> [EXERCISE AIM]:
Please set down, with no changes, every line of the material below from the one containing "Haali Ki Thaali" through the end. Skip the pictures.

> [SOURCE MATERIAL]:

· · ·

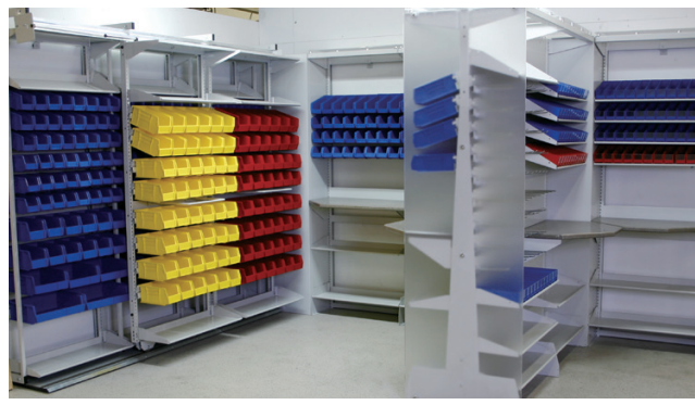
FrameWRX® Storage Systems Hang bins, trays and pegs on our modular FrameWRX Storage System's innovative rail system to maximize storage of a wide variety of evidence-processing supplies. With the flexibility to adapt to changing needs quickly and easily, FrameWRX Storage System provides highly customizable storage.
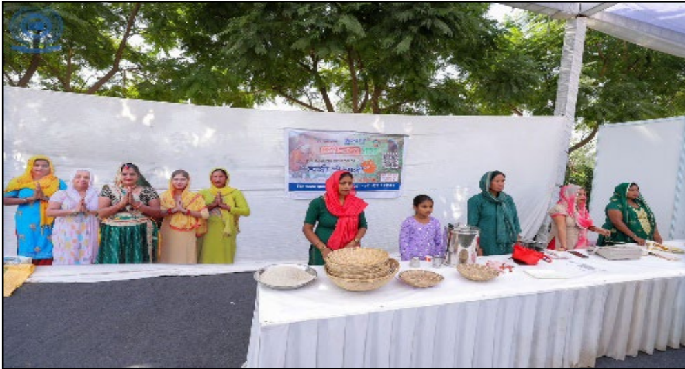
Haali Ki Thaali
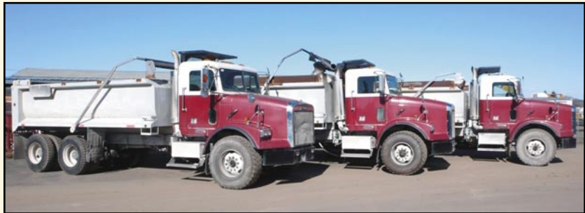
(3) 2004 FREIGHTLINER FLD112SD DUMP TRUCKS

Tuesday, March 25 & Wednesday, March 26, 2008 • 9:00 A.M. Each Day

· · ·

> [WRITTEN SOLUTION]:
Haali Ki Thaali
(3) 2004 FREIGHTLINER FLD112SD DUMP TRUCKS

Tuesday, March 25 & Wednesday, March 26, 2008 • 9:00 A.M. Each Day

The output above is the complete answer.